U.S.-based Biotechnology Industry Organization (BIO) and the China-based R&D Pharmaceutical Association Committee (RDPAC) want changes in the China FDA's most recent biosimilar approval guidelines, particularly a provision that allows for additional assessment of a biosimilar candidate if a comparability study showed differences between the candidate and its reference product.
On March 3, in CFDA issued its first guidelines to be followed in researching, developing and evaluating biosimilars of biologicals that have marketing approval in the country. Drugmakers now are allowed to register their generic version of a biological drug and similar treatments. The releases also included comments and feedback from various parties, including industry groups.
The agency said that with what it termed "guiding principles" in place, China should be able to meet the demand for the biotechnology drugs, improve accessibility and lower their prices. The guidelines also are expected to reduce development costs for the companies. According to the CFDA, the guidance has been amended, taking into consideration the comments that were submitted on the draft, which focused primarily on product evaluation criteria.
The guidance lays out the basic principles of biosimilar drug development and evaluation, such as recommended non-clinical and clinical studies and quality control. Moreover, the agency believes the guidance will reduce corporate R&D time and biosimilar development costs.
The CFDA noted it was joining more than 20 nations or organizations that have developed biological medicine guidelines.

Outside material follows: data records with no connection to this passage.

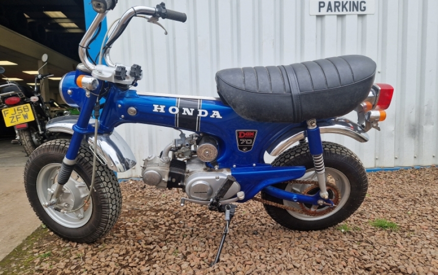 Classic Honda Dax ST70. Imported from South Africa a number of years ago. Not Uk registered but we can help with that. The bike has recently had a new ignition fitted, new fuel pipe and we had it running yesterday. It will need a service and carb cleaned but I did have a run round the yard in it.With it comes a 58 plate black Chinese copy bike which looks complete but we have not had running. The chinese bike is Uk registered and has a V5. We are selling as a pair and will not split them.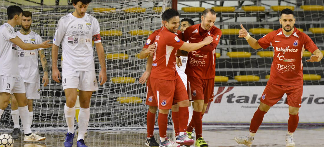 Non c’è partita al Pala Nino Pizza. Complice anche qualche defezione di troppo, il Lido di Ostia non riesce a tener testa all’Italservice Pesaro che, tirato a lucido, domina sin dalle primissime battute: Salas sblocca dopo appena mezzo minuto, Cuzzolino raddoppia al terzo, Borruto fa 3-0 all’ottavo e capitan Tonidandel di fatto chiude la pratica già al 12esimo con il 4-0. Nel secondo tempo suona la stessa musica: altri quattro goal e i tre punti conquistato permettono al Pesaro di salire a un solo punto di distanza dall’Acqua&Sapone (che ha però ancora una giornata in meno rispetto ai biancorossi).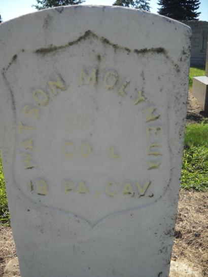 Enrolled March 24, 1864 at Troy, Pa., age 19. Mustered in March 24, 1864 as private at West Chester, Pa. Height: 5' 4", Hair: Dark, Complexion: Dark, Eyes: grey. Occupation: Farmer. Born: Bradford County, Pa. Residence: Bradford County, Pa.He was transferred out on June 24, 1865 at Cumberland, Maryland The same day he transferred to Company F, 3rd Pa. Provisional Cavalry.Mustered out October 31, 1865. Applied for pension June 4, 1890. Application No. 376,309.Certificate No. 312,195. He is listed as a prisoner of war, but date and place not stated.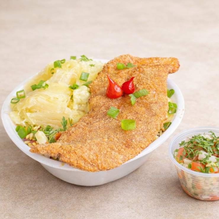 file de frango empanado, servido com molho de tomate da casa, muito queijo derretido, arroz branco e fritas. finalizado com cebolinha e pimenta biquinho ( indicado para 1 pessoa)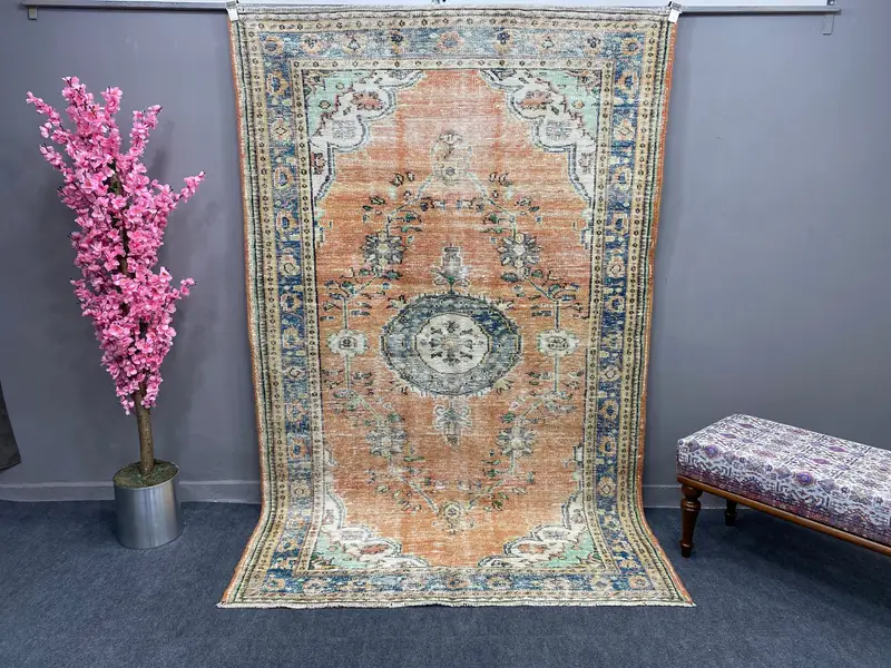 Canlı 5,2x8,4 ft Halı, Soyut Turuncu ve Mavi Tasarım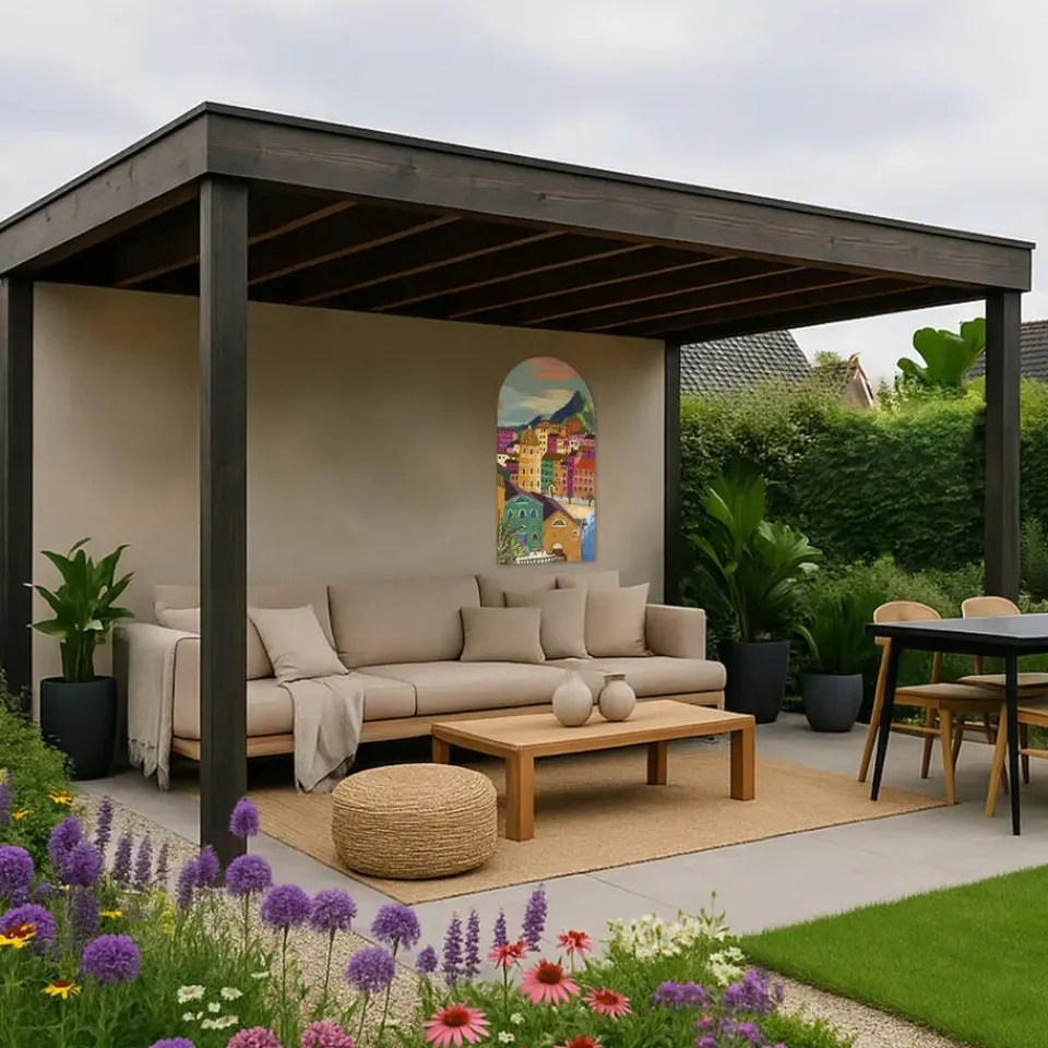 De afgeronde vorm geeft een verrassend zachte uitstraling, terwijl de rijke kleuren en verfijnde details zorgen voor een eigentijdse twist. Of je nu kiest voor mediterrane straatjes in warme tinten, serene Japanse taferelen of kleurrijke fantasiedorpen, elk canvas vertelt een verhaal dat uitnodigt tot wegdromen.

The push for guidelines follows growing demand in China by patients for new therapies, though cost is a central focus of the exercise as well.

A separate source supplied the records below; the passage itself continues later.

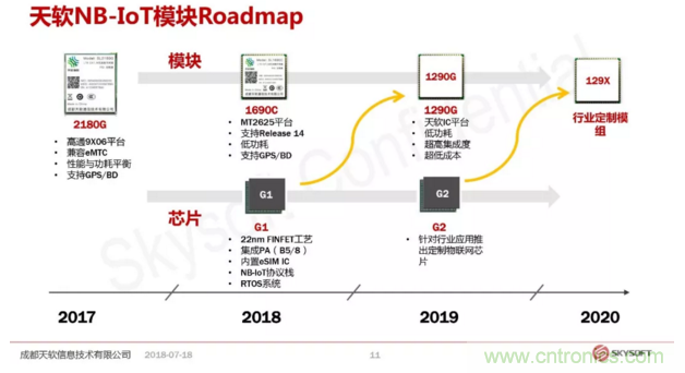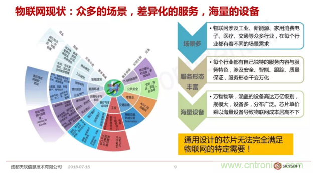 天软信息在NB-IoT这个产业链上扮演的角色是要打造一个端到端的运营方案,从芯片到运营整体,黄总指出,通用设计的芯片无法满足物联网的特定需要,物联网是一个海量兼容的设备,不同领域的设备有着完全不一样的形态要求,所以提出了一个观念叫做服务定义芯片。传统的芯片设计行业,芯片设计商定义一个芯片是根据市场需求和发展趋势来定义这个芯片的规格,然后交由芯片制造商去做具体的制造的工艺设计规划,而现在的模式是把设计服务这块独立出来,也就是说真正了解市场,接触这个市场对这个行业发展把握非常精准的一些公司,他们会提出来定义具体的一款芯片需求,定义出来的芯片交到以前的芯片设计公司来完成设计的服务,芯片制造商来完成这个芯片的制造,天软信息现在正在走的就是这样的模式。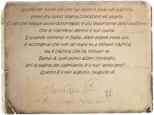 Non starò ad elencare luoghi e nomi ma rivolgo un invito a ogni essere umano: recarsi in Africa può significare un grande cambiamento del nostro modo di vivere, di pensare, di capire!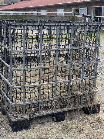This means we lose significantly less hay and the horses have something to do for several hours and enough hay for the whole day!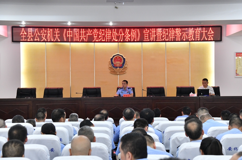 7月16日上午,县公安局组织召开《中国共产党纪律处分条例》宣讲暨纪律警示教育大会。会议由县公安局党委副书记、政委、机关纪委书记胡传玉主持,局党委在家班子成员、局属各单位全体党员同志参加会议。县纪委常委、县监委委员李晔出席会议并作专题讲座。

The agency action puts in place much of a draft that was circulated for comment last October. Among its final provisions is a requirement that biosimilar tests be conducted simultaneously with the reference drug at each stage.
According to a mid-December report by the Generics and Biosimilars Initiative (GaBI), discrepancies at the chemistry, manufacturing and controls level and at the preclinical level should mean the candidate should not be considered a biosimilar.
"BIO is currently reviewing the recently published final draft of the guidelines. BIO has reviewed and commented on the CFDA's earlier Guidelines on Development and Evaluation of Biosimilars published by the Center for Drug Evaluation and applaud the development of guidelines that are generally consistent with WHO, U.S. FDA, and EMA," said Joseph Damond, BIO's Senior Vice president for International Affairs in an email.
"However, as we noted, there are areas of the guidelines that need to be further clarified to ensure the proper and safe regulation of a large molecule biologic or biosimilars versus a small molecule drug. BIO hopes that its comments on reference products, R&D and evaluation, immunogenicity, multiple indications, and interchangeability continue to be considered as CFDA implements their new guidelines. As always, BIO stands ready and eager to provide the relevant global expertise to help develop a world-class biotherapeutics market in China."
In addition, RDPAC said that if the candidate drug is considered unsuitable, the maker should be allowed to change directly to new drug development and registration pathways. Both organizations joined in saying approved biosimilars should then be allowed to serve as a reference product for other candidates. In a 2014 report, RDPAC said China's therapeutic biologics industry stands at RMB 18 billion ($2.9 billion), representing less than 2% of the global total.
BIO also recommended in its draft comments that the CFDA insert in its guidance a reference to intellectual property protection for reference drugs. Except for those problems, BIO praised the draft guidelines as consistent for the most part with WHO, U.S. FDA and EMA guidelines.
But according to these guidelines, the CFDA seems to be looking for biosimilars which are exact copies of the reference drugs. Developers are encouraged to keep the same amino acid sequence, produce similar packaging and also obtain ingredients from the same place as the reference drug. All discrepancies need to be backed up by evidence from tests and trials.